Day 9 - a photo you took since your loss.
I posted this online with the caption, "everyone wave at the crazy lady."
The real caption should have been, "Hi, my baby died 3 weeks ago & all anyone can fucking say to me is how they can't believe how well I"m getting around, which makes no sense since I didn't die, though I kinda wish I did, of course there is still time. Why the hell are we having a cook out? Whose fucking idea was this? Is my zoloft ready yet? Because I need it. Stop looking at me like that. How? You know...like THAT. Like you want to give me some pep talk, but aren't sure where to start. Trust me, you're right, you have no idea where to start. How about this...leave me the fuck alone & stop watching me like I'm a dancing bear. Yes, I just said fuck. Go fuck yourself if you don't like that, I'm damn near 30, married, have kids, & just had a funeral for one of them, I can fucking curse if I want to. Fuck off."
Sadly, there wasn't enough room for that caption.
Day 10 - a photo taken over 10 years ago of you and how it makes you feel seeing it now.
I'd like to do this, but sadly I don't have access to any of my past.
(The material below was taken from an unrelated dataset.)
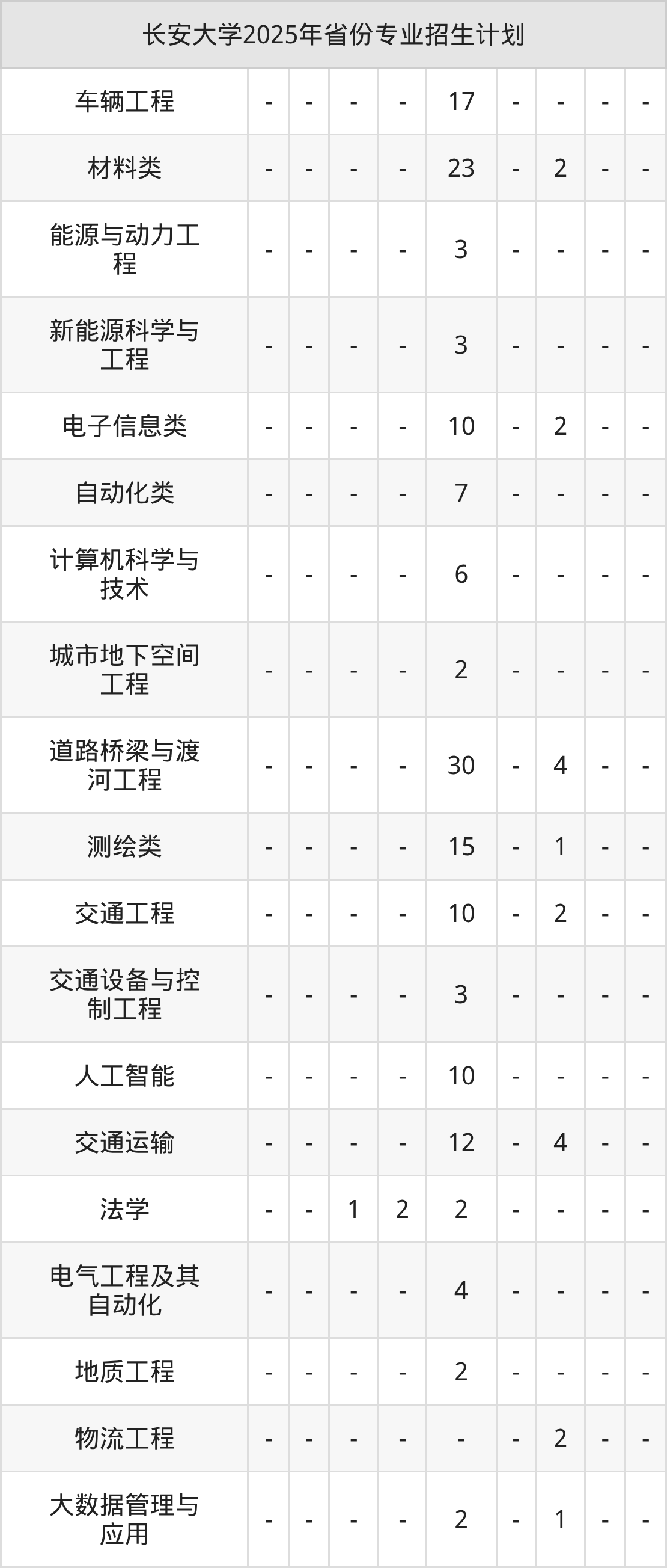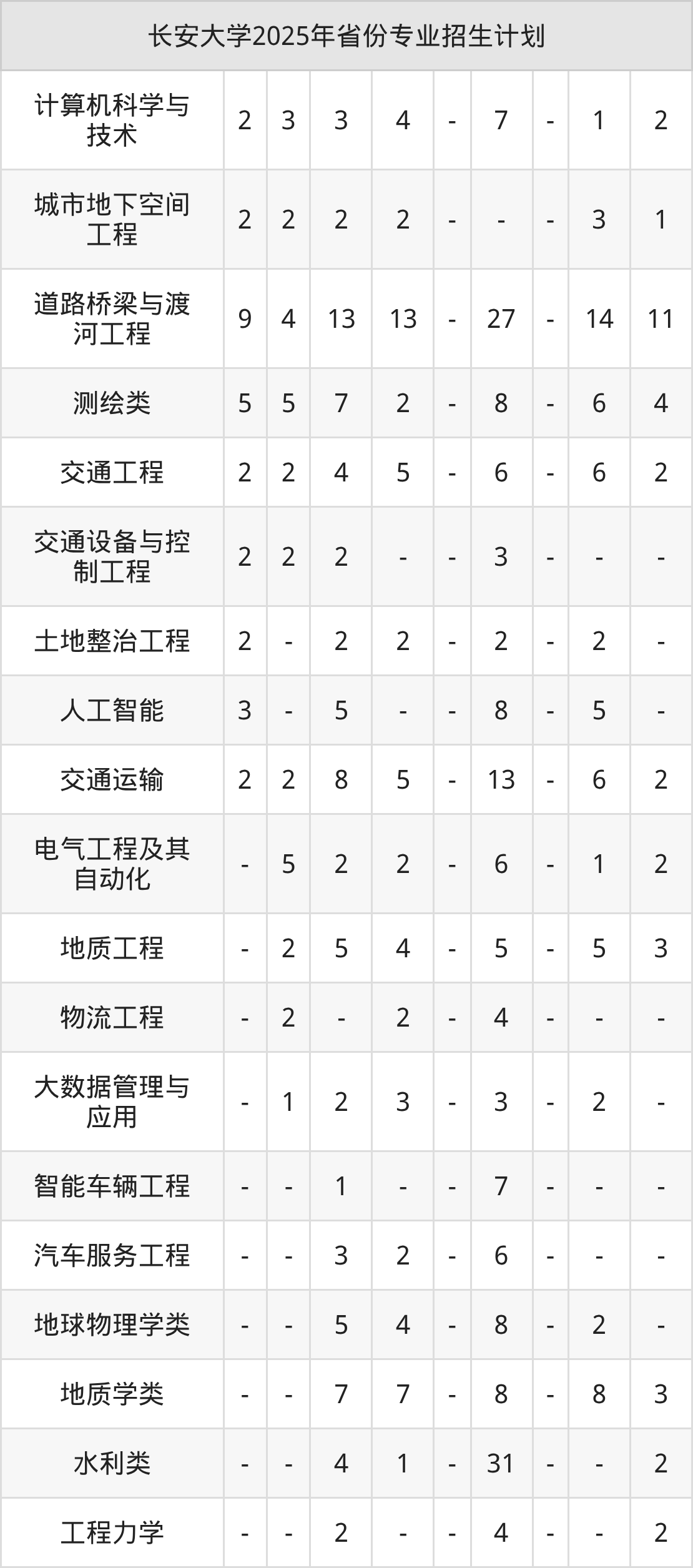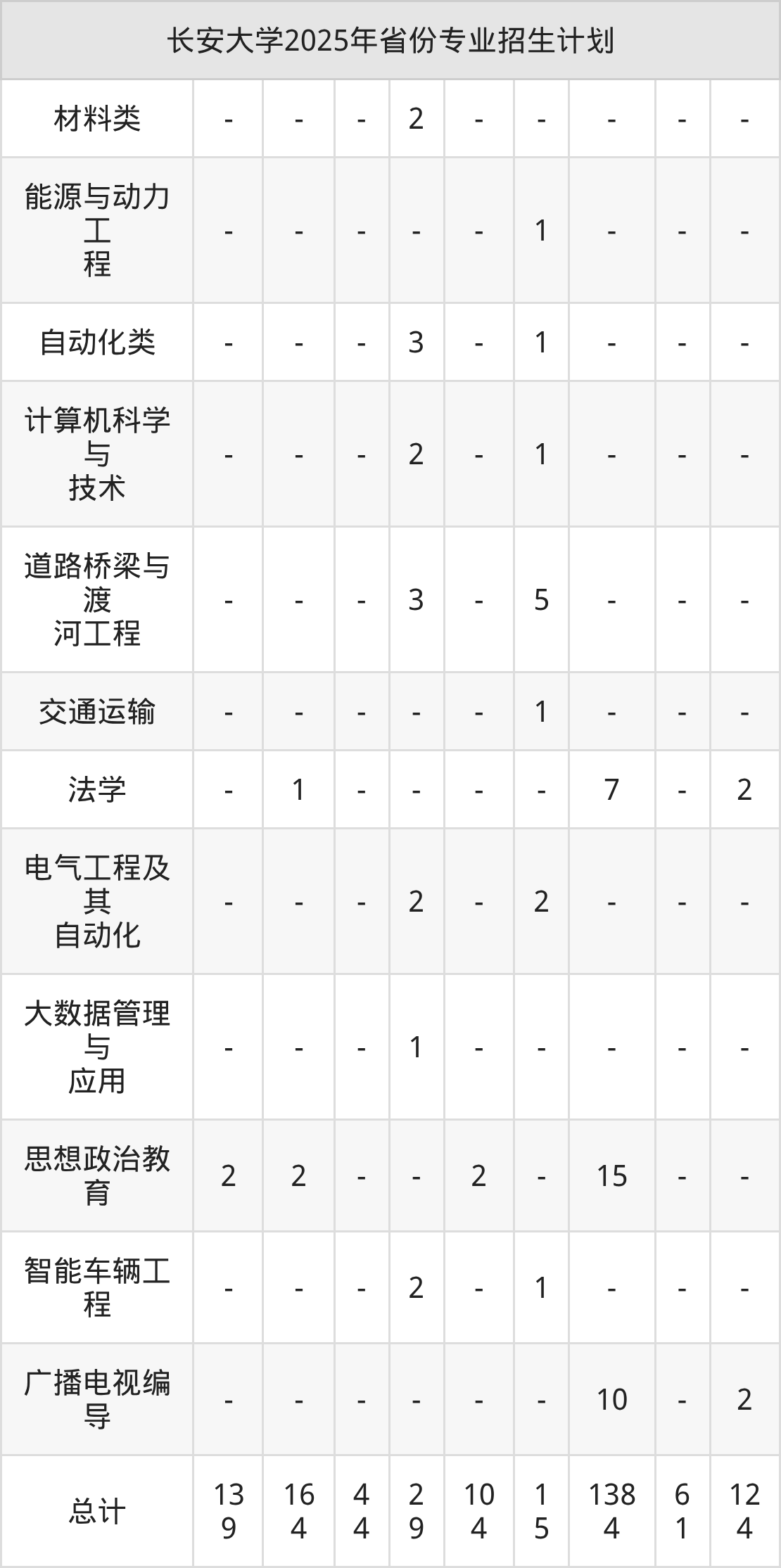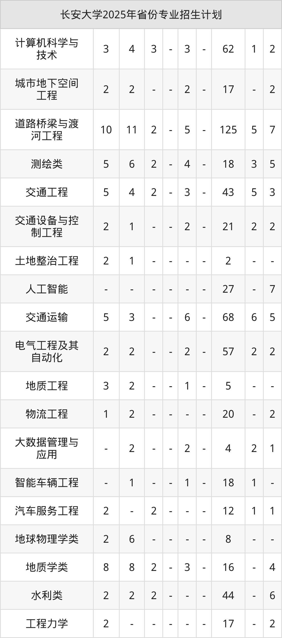 2026年长安大学本科招生计划待公布,下面附上2025年数据,暂供参考:

Weird, huh? Not that it would give me some uplifting story, it may just make me want to jump off a bridge again.
Day 11 - a photo of you recently and how it makes you feel seeing it now.
Blair was a hairy monkey with a heck of a nose. Thankfully, he grew into it. Despite the family bullshit, nothing that day was ruined. So take that people who try to ruin things. :b I also feel weird knowing what a hell of a year it'd been. It was 4 days after the one year mark of Joel's memorial service that The Blair was born. And for the first few weeks, I was waiting on him to die, too. Thankfully, I've gotten over that. And my scar healed quite nicely as well. :D That's something else, as not pro-csection I am, I don't regret that at all. I'm not going to become one of those people who tell people, "a healthy baby is all that matters, who cares how they get here?!" but I know for me, the c-section was a good decision. Of course, a c-section with a living baby following a normal birth with a dead baby, well, it's hard not to improve on that feeling of complete & utter misery.
I also feel like that cross placement in the picture is creepy.
Family pictures with Valarie Decker this week, woohoo! She made Blair look as cute as humanly possible in pictures, so I'm sure I'll come out looking like Hedi Klum. Right, Valarie?! Right!